Sementara katalis risiko cenderung tetap menjadi pendorong, IMP Jasa ISM AS hari ini dapat menghibur para pedagang momentum menjelang angka pekerjaan besok.
Analisis teknis
EMA 50-hari dekat 106,40 menjadi penghalang sisi atas langsung bagi pedagang pasangan untuk dipantau selanjutnya, sementara penjualan baru tidak diharapkan sampai harga menempati di atas level 106,09 yang terdiri dari EMA 21-hari.

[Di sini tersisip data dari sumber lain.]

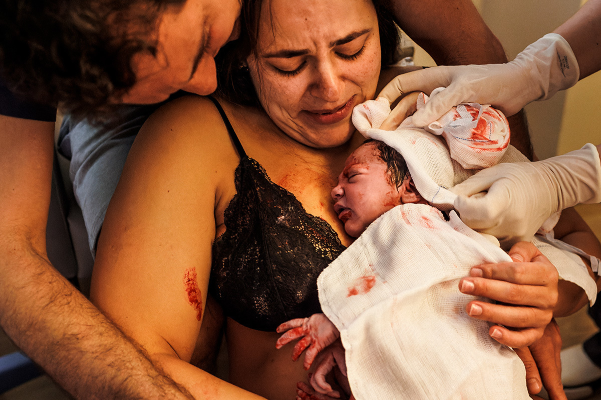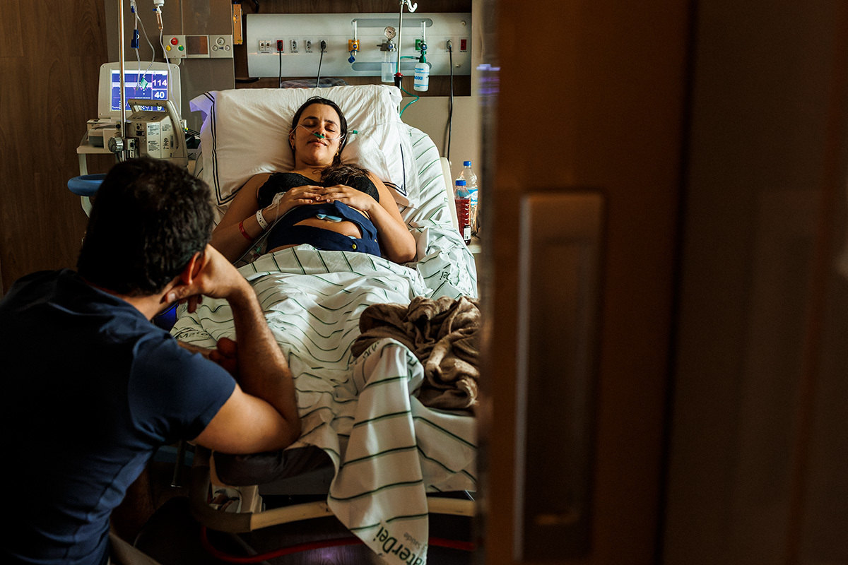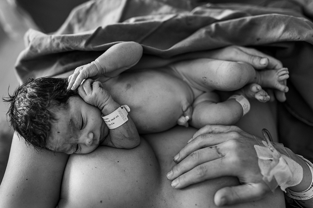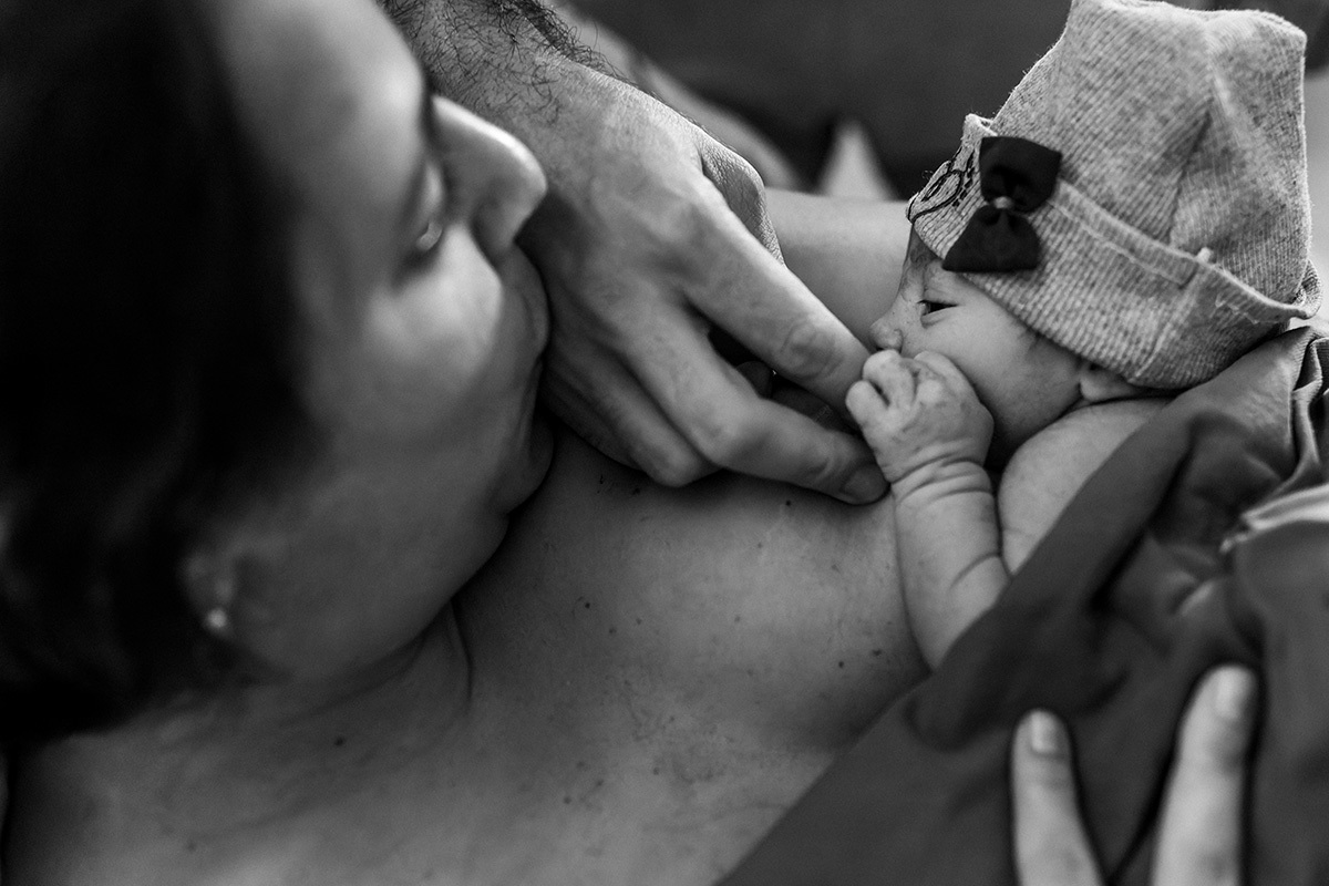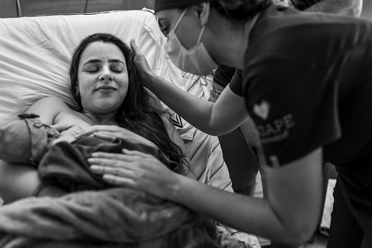 No dia do parto, quando me chamaram para começar a acompanhá-los, a Ju estava sendo preparada para receber analgesia para aliviar as dores das contrações ao seu pedido. Ela descansou um pouquinho e logo depois entrou na fase expulsiva. Nessa hora ela relaxou e se entregou a emoção do momento! Sorria leve, entregue a esse prazer! O Matías era puro sentimento, seus olhos se enchiam de água a toda hora tamanha a emoção que tinha no peito!
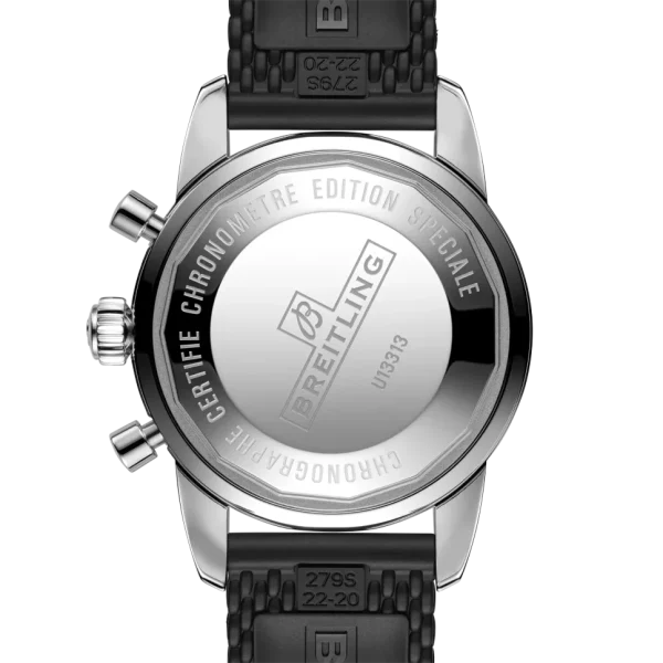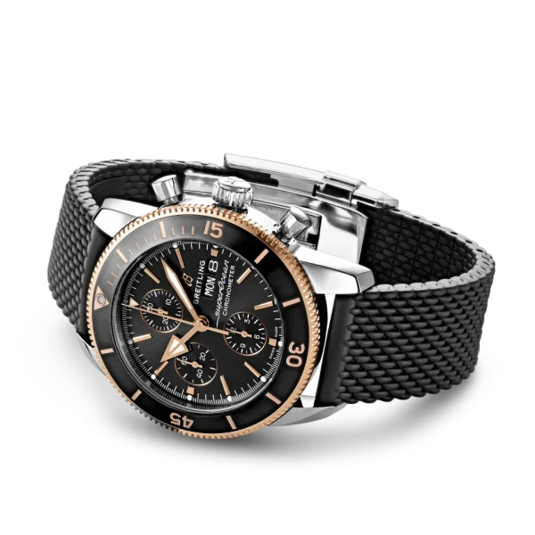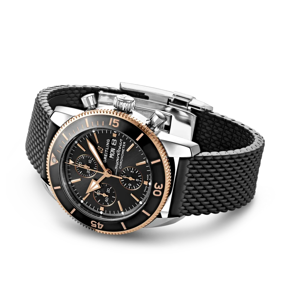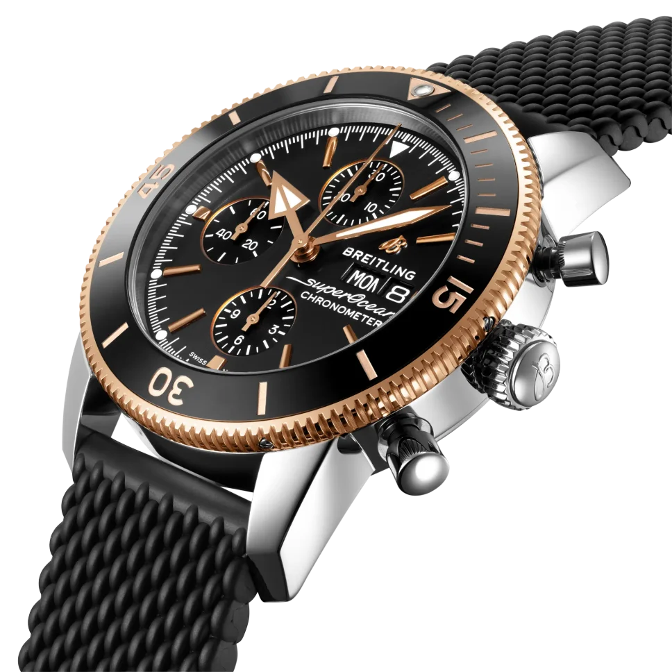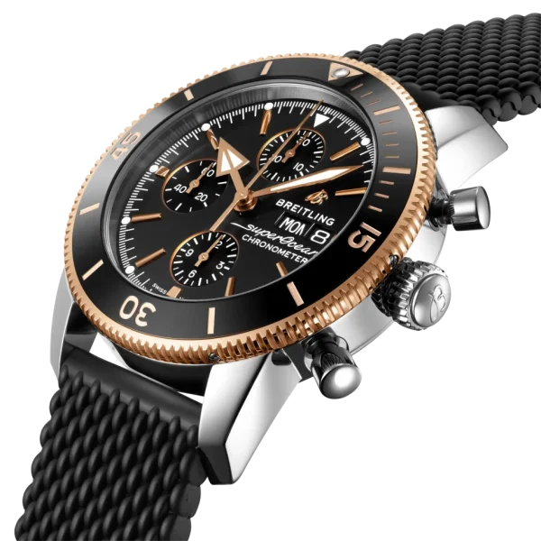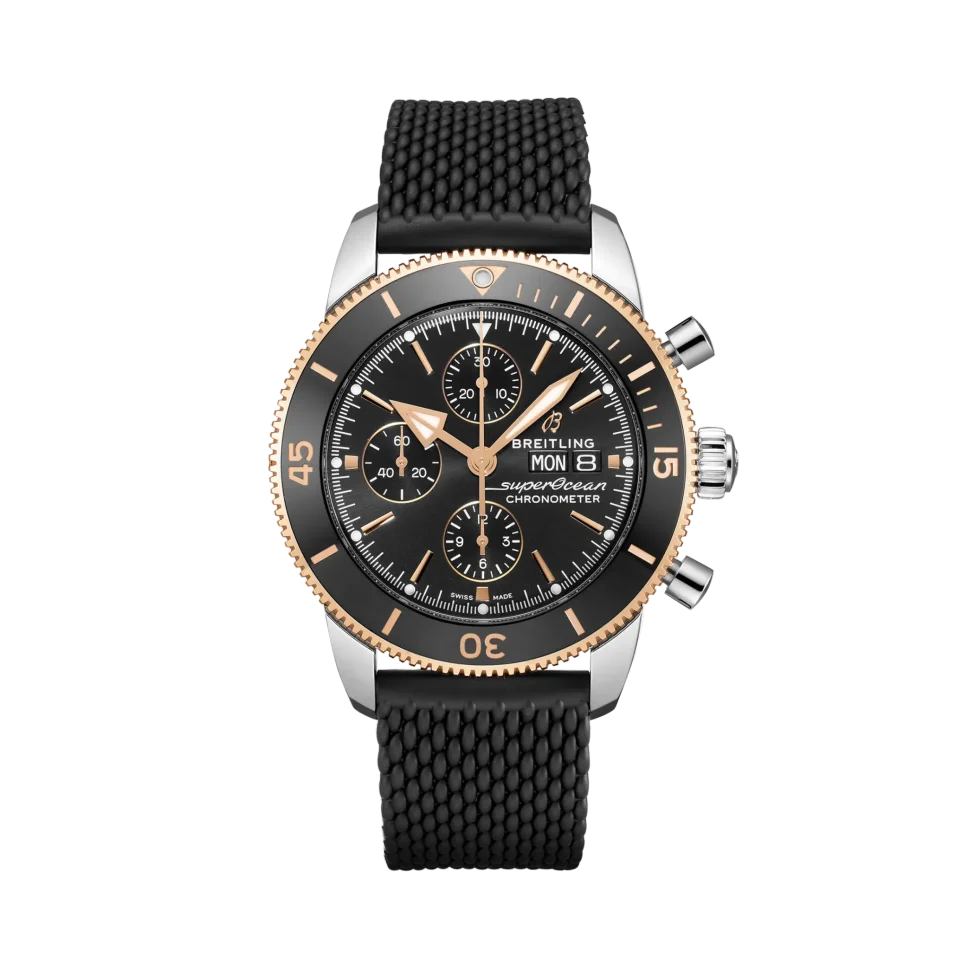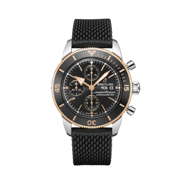 The Breitling Superocean Heritage II Chronograph 44 Men’s Watch U13313121B1S1 is an exceptional timepiece for diving enthusiasts. Crafted with a polished stainless steel case and a black Aero Classic rubber strap, this watch exudes both durability and style. Its polished solid 18k rose gold unidirectional rotating bezel adds a touch of elegance to the design. The black dial is accented with rose gold elements and features luminescent hour and minute hands, as well as dots tipping the index hour markers. At 3 o’clock, you’ll find the day of the week and date displayed in dial apertures, while the chronograph offers a large central seconds hand, a 30-minute counter sub-dial at 12 o’clock, and a 12-hour counter sub-dial at 6 o’clock. For added convenience, there is also a small seconds sub-dial at 9 o’clock.

Informasi di halaman ini berisi pernyataan berwawasan ke depan yang melibatkan risiko dan ketidakpastian. Pasar dan instrumen yang diprofilkan di halaman ini hanya untuk tujuan informasi dan tidak boleh dianggap sebagai rekomendasi untuk membeli atau menjual aset ini. Anda harus melakukan riset menyeluruh sebelum membuat keputusan investasi apa pun. FXStreet sama sekali tidak menjamin bahwa informasi ini bebas dari kesalahan, kekeliruan, atau salah saji material. Ini juga tidak menjamin bahwa informasi ini bersifat tepat waktu. Berinvestasi di Pasar Terbuka melibatkan banyak risiko, termasuk kehilangan semua atau sebagian dari investasi Anda, serta tekanan emosional. Semua risiko, kerugian, dan biaya yang terkait dengan investasi, termasuk kerugian pokok, adalah tanggung jawab Anda. Pandangan dan pendapat yang diungkapkan dalam artikel ini adalah milik penulis dan tidak mencerminkan kebijakan resmi atau posisi FXStreet maupun pengiklannya.